Chronic hypoxia and exercise training affect the NO content and NOS activity of rat skeletal muscle : original research articleSource: International SportMed Journal 11, pp 244 –257 (2010)More Less
Background: Nitric oxide (NO) plays a critical role in the recovery stage, in maintaining a large blood flow in skeletal muscle and in promoting recovery after exercise. Research question: This study observed the NO level, NOS activity and the expression of NOS in rat skeletal muscle under normoxic and hypoxic training conditions. Type of study: Randomised controlled study. Methods: Sixty-four male Sprague-Dawley rats were randomly divided into normoxic control group, two-week training, four-week training, six-week training groups; hypoxic control group, two-week hypoxic training, four-week hypoxic training, six-week hypoxic training groups. The classic Griess method was used to test nitric oxide in the homogenate of skeletal muscle. Moreover, methods such as RT-PCR, western blot, etc. were utilised to test the change of the all types of nitric oxide synthase expression. Results: The results showed that the NO content of rat skeletal muscle was significantly increased in two, four, and six-week training subgroups compared with the control group under normoxic conditions; NO content increased in the four-weeks and six-weeks hypoxic training group compared with the hypoxic control group (p <0.05, p <0.01).

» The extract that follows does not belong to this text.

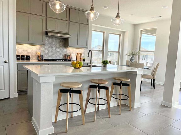 MLS# 6113825 - Built by Highland Homes - Ready Now! ~ This four sides white painted brick home has 19' ceiling at entry and dining room , 18x36" offset soft gray tiles all living areas downstairs, a fireplace and a stunning view from the top of the hill to the backyard and homes below. Chef's kitchen features gray cabinets, built in SS oven and microwave, built in 5 burner gas cooktop, Silestone quartz countertops, SS apron front single bowl sink and hexagon shaped tile backsplash. Horizontal metal balusters in lieu of half walls give an unobstructed view of dining room from the upstairs game room. Primary bedroom has a freestanding tub and separate shower. Tankless water heaters, Smart Home technology and full sod and sprinkler system are standard features of all Highland Homes.

Under hypoxic conditions, with increasing exercise time, the cNOS activity and the expression cNOS protein was significant different between the training group and the control group, while there was no change in iNOS expression. Conclusions: The data in this study suggested that the hypoxic exercise may promote increases in the NOS and NO levels, counteract the blood vessel contractile effect of hypoxia, and improve the relaxed tone of blood vessels.